The Three Hump Problem: Building a Robo Advisor Customer Base

Chairing a panel of "digital marketing gurus" last week at Platforum’s D2C conference , I pitched the customer acquisition challenge as being the two hump problem – operating in a category no-one knows about before you even try and create preference for your offering. In retrospect I would make it a three hump problem. While awareness of the category is slowly creeping up – the figures I had for the event were 11% but a more recent study by AT Kearney now says 20% (this is in the US mind you) – we still face a largely disengaged audience to start with as Lucian Camp warned us in his warm up to our session.That’s a tall order if you are going to build what McKinsey called "trust and intimacy" in its recent report for what is essentially a service not a product. Yet I remain an optimist. Consumers are prepared to entrusts things to the internet (not always wisely) that would have been unthinkable 5/10 years ago and we have reached a tipping point with mobile devices and their role in our lives connecting us 24/7 and changing our habits rapidly and irrevocably.The challenge for traditional companies is how to respond in a fast-changing world they decreasingly understand. I have written previously on reverse mentoring and I would also refer everyone to Scott Brinker’s useful musings on marketing technology and its irritating inadequacies.In marketing terms my top five tips remain:

  • Listening – you cannot invest too much at this point in understanding your customers/clients and how their needs are changing. Established players will lose them to someone who understands them better if they don’t and new players won’t gather clients and assets unless their client experience really delivers what its target market wants and needs.

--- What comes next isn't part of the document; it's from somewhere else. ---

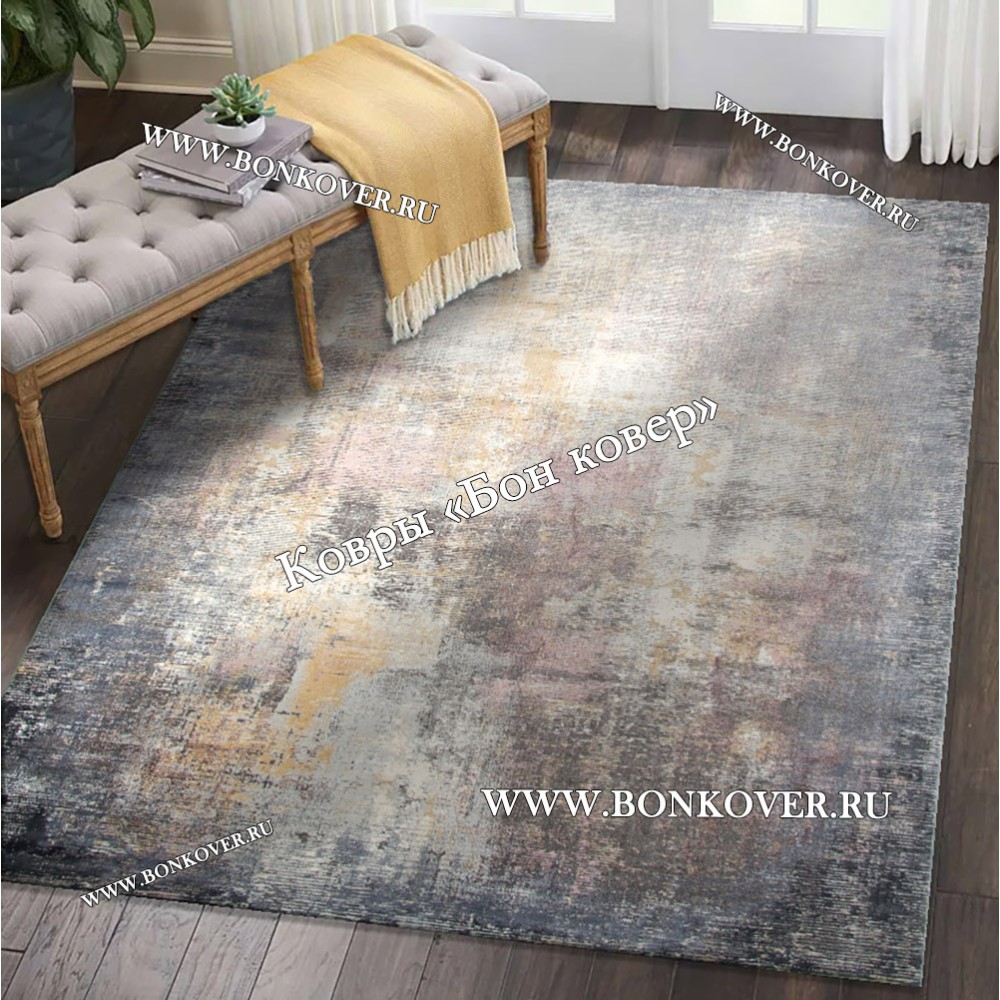 Изящный Ковер в гостиную дизайн 29664 наполняет интерьер гостиной теплом и уютом, гармонично сочетает в себе изящество и стиль. Он соткан из высококачественного сырья, прочный и долговечный.

  • Customer referral and advocacy – Betterment is only five years old and already a third of its new business already comes from current clients. Active advocacy is not something wealth management firms have traditionally invested in leaving it largely in the hands of advisers but a less laissez faire approach may now be advisable.
  • It’s not just about finance – we have tried for decades to get people excited about pensions and largely failed. Besides most people under 50 will never be able to or want to retire completely – engagement with consumers has to be about how we all want to live and manage our income and capital over lifespans my grandparents would have been astonished by.
  • Learn new tricks – having failed to get most people to come to us – we need to go to them, wherever they are, and talk to them how they want to be talked to. Gamification is a particularly interesting area.
  • Get personal – online need not mean impersonal. I predict a growth in brand characters – perhaps more in the avatar and virtual assistant’s mode than Tony the Tiger but you can’t knock his longevity.